## Task requirements
From the first line below to the last, reproduce the material exactly and leave out the images.
(Beginning of Given information)
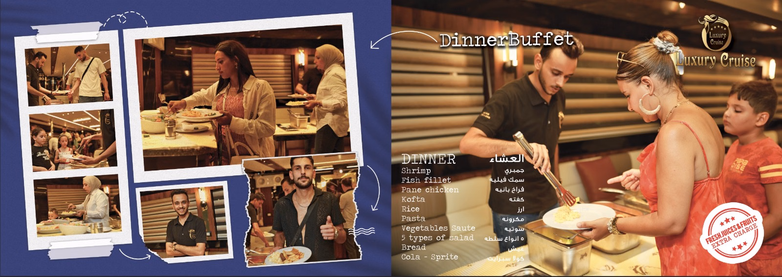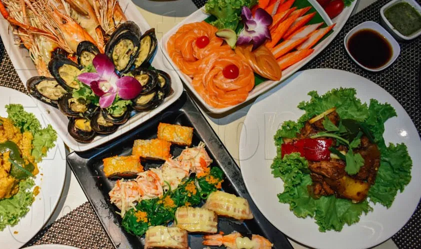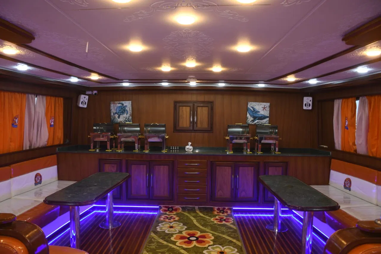 Lavish Buffet Dinner: Indulge in a delicious, lavish buffet dinner featuring a wide selection of both international and local cuisine. Enjoy your meal against the backdrop of the shimmering sea.
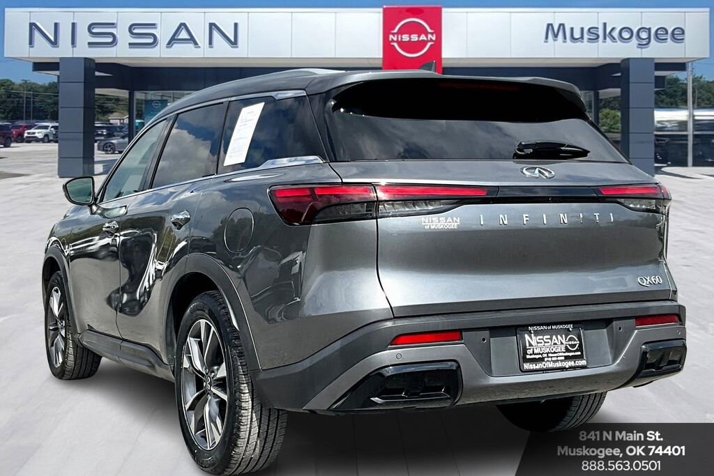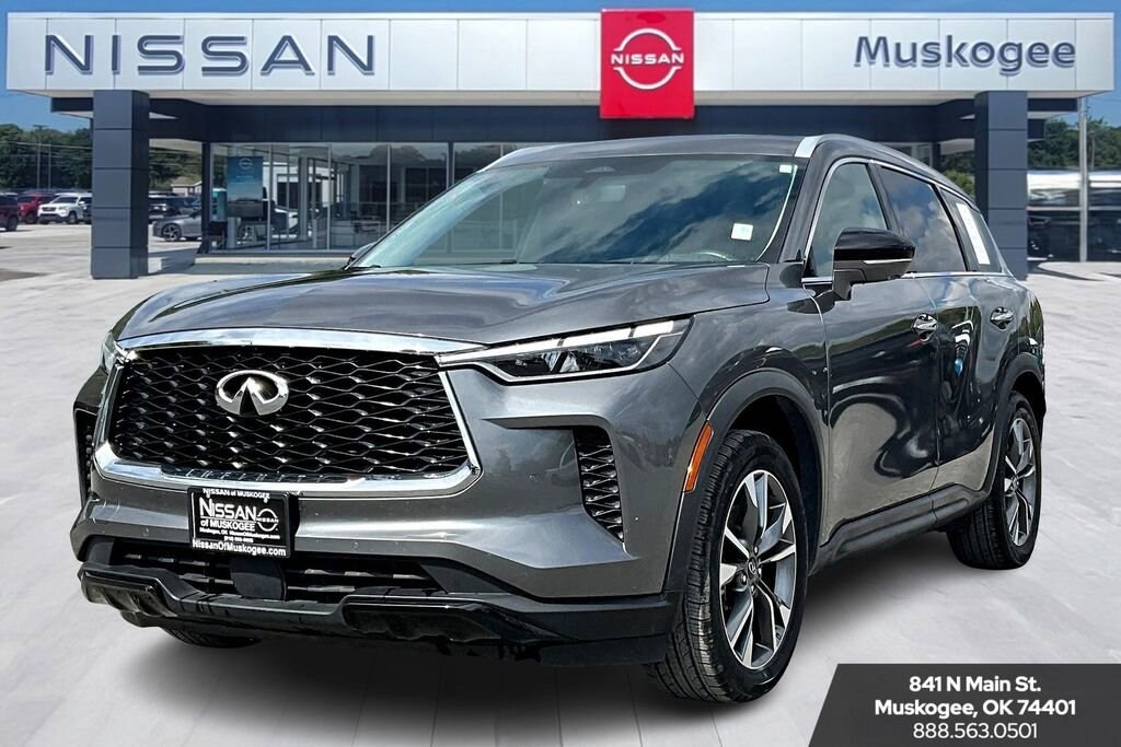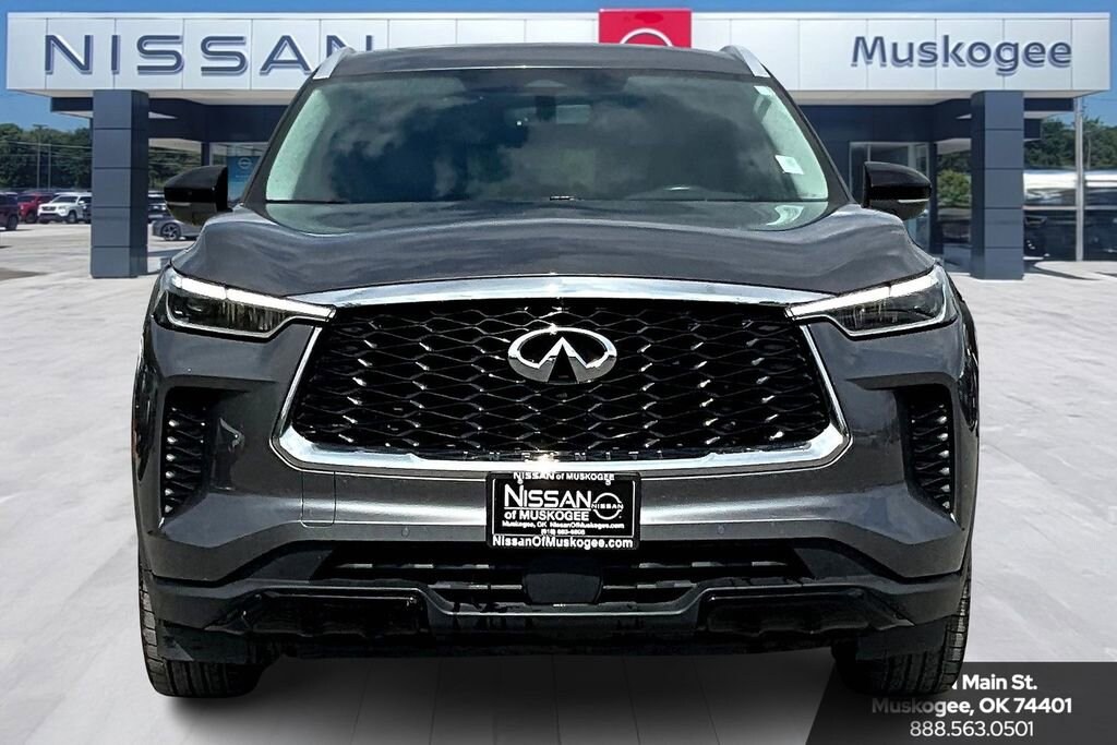 Recent Arrival! **ANDROID CARPLAY**, **APPLE CARPLAY**, **BLUETOOTH**, **CLEAN CARFAX 1-OWNER**, **CLEAN CARFAX**, **HD RADIO**, **HEATED SEATS**, **KEYLESS ENTRY**, **LEATHER**, **MOONROOF**, **NAVIGATION**, **REAR BACKUP CAMERA**, **USB PORT**. 3rd row seats: bench, 4-Wheel Disc Brakes, 4.33 Axle Ratio, 9 Speakers, ABS brakes, Air Conditioning, Alloy wheels, AM/FM radio: SiriusXM, Anti-whiplash front head restraints, Apple CarPlay/Android Auto, Auto High-beam Headlights, Auto tilt-away steering wheel, Auto-dimming door mirrors, Auto-dimming Rear-View mirror, Automatic temperature control, Brake assist, Bumpers: body-color, Climate Controlled Front Bucket Seats, Delay-off headlights, Driver door bin, Driver vanity mirror, Dual front impact airbags, Dual front side impact airbags, Electronic Stability Control, Emergency communication system: INFINITI InTouch, Exterior Parking Camera Rear, Four wheel independent suspension, Front anti-roll bar, Front Bucket Seats, Front Center Armrest, Front dual zone A/C, Front reading lights, Fully automatic headlights, Garage door transmitter: HomeLink, Heated door mirrors, Heated front seats, Heated steering wheel, Illuminated entry, Knee airbag, Leather Shift Knob, Leather steering wheel, Leather-Appointed Seating Surfaces, Low tire pressure warning, Memory seat, Navigation system: INFINITI InTouch Navigation, Occupant sensing airbag, Outside temperature display, Overhead airbag, Overhead console, Panic alarm, Passenger door bin, Passenger vanity mirror, Power door mirrors, Power driver seat, Power Liftgate, Power moonroof, Power passenger seat, Power steering, Power windows, Radio data system, Radio: AM/FM Audio System, Rain sensing wipers, Rear air conditioning, Rear anti-roll bar, Rear reading lights, Rear seat center armrest, Rear side impact airbag, Rear window defroster, Rear window wiper, Reclining 3rd row seat, Remote keyless entry, Security system, Speed control, Speed-sensing steering, Speed-Sensitive Wipers, Split folding rear seat, Spoiler, Steering wheel memory, Steering wheel mounted audio controls, Tachometer, Telescoping steering wheel, Tilt steering wheel, Traction control, Trip computer, Turn signal indicator mirrors, Variably intermittent wipers, Ventilated front seats, and Wheels: 20 x 8J Sporty Machined Aluminum Alloy.2024 INFINITI QX60 LUXE FWD 9-Speed Automatic 3.5L V6 DOHC 24V Graphite Shadow21/26 City/Highway MPG
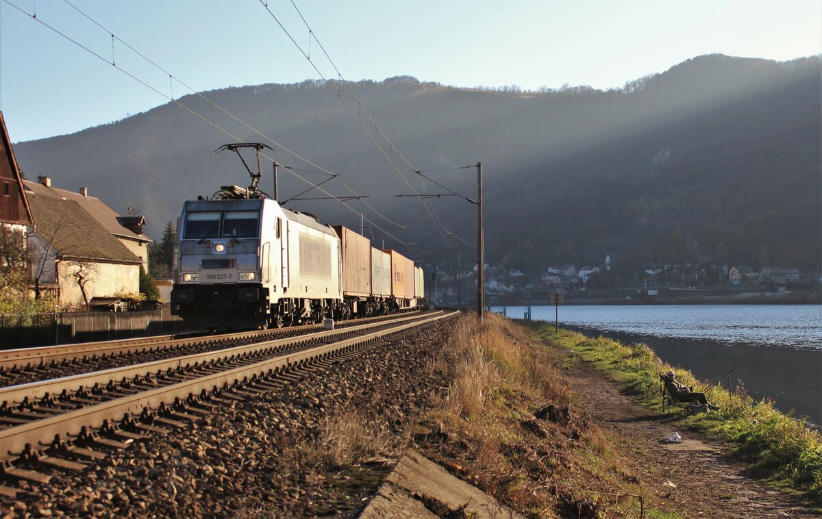 386 027-7 (Metrans) war am 17.11.18 mit einem Containerzug in Ústí nad Labem-Střekov zu sehen.
(End of Given information)
## Result of the exercise
 Lavish Buffet Dinner: Indulge in a delicious, lavish buffet dinner featuring a wide selection of both international and local cuisine. Enjoy your meal against the backdrop of the shimmering sea.
 Recent Arrival! **ANDROID CARPLAY**, **APPLE CARPLAY**, **BLUETOOTH**, **CLEAN CARFAX 1-OWNER**, **CLEAN CARFAX**, **HD RADIO**, **HEATED SEATS**, **KEYLESS ENTRY**, **LEATHER**, **MOONROOF**, **NAVIGATION**, **REAR BACKUP CAMERA**, **USB PORT**. 3rd row seats: bench, 4-Wheel Disc Brakes, 4.33 Axle Ratio, 9 Speakers, ABS brakes, Air Conditioning, Alloy wheels, AM/FM radio: SiriusXM, Anti-whiplash front head restraints, Apple CarPlay/Android Auto, Auto High-beam Headlights, Auto tilt-away steering wheel, Auto-dimming door mirrors, Auto-dimming Rear-View mirror, Automatic temperature control, Brake assist, Bumpers: body-color, Climate Controlled Front Bucket Seats, Delay-off headlights, Driver door bin, Driver vanity mirror, Dual front impact airbags, Dual front side impact airbags, Electronic Stability Control, Emergency communication system: INFINITI InTouch, Exterior Parking Camera Rear, Four wheel independent suspension, Front anti-roll bar, Front Bucket Seats, Front Center Armrest, Front dual zone A/C, Front reading lights, Fully automatic headlights, Garage door transmitter: HomeLink, Heated door mirrors, Heated front seats, Heated steering wheel, Illuminated entry, Knee airbag, Leather Shift Knob, Leather steering wheel, Leather-Appointed Seating Surfaces, Low tire pressure warning, Memory seat, Navigation system: INFINITI InTouch Navigation, Occupant sensing airbag, Outside temperature display, Overhead airbag, Overhead console, Panic alarm, Passenger door bin, Passenger vanity mirror, Power door mirrors, Power driver seat, Power Liftgate, Power moonroof, Power passenger seat, Power steering, Power windows, Radio data system, Radio: AM/FM Audio System, Rain sensing wipers, Rear air conditioning, Rear anti-roll bar, Rear reading lights, Rear seat center armrest, Rear side impact airbag, Rear window defroster, Rear window wiper, Reclining 3rd row seat, Remote keyless entry, Security system, Speed control, Speed-sensing steering, Speed-Sensitive Wipers, Split folding rear seat, Spoiler, Steering wheel memory, Steering wheel mounted audio controls, Tachometer, Telescoping steering wheel, Tilt steering wheel, Traction control, Trip computer, Turn signal indicator mirrors, Variably intermittent wipers, Ventilated front seats, and Wheels: 20 x 8J Sporty Machined Aluminum Alloy.2024 INFINITI QX60 LUXE FWD 9-Speed Automatic 3.5L V6 DOHC 24V Graphite Shadow21/26 City/Highway MPG
 386 027-7 (Metrans) war am 17.11.18 mit einem Containerzug in Ústí nad Labem-Střekov zu sehen.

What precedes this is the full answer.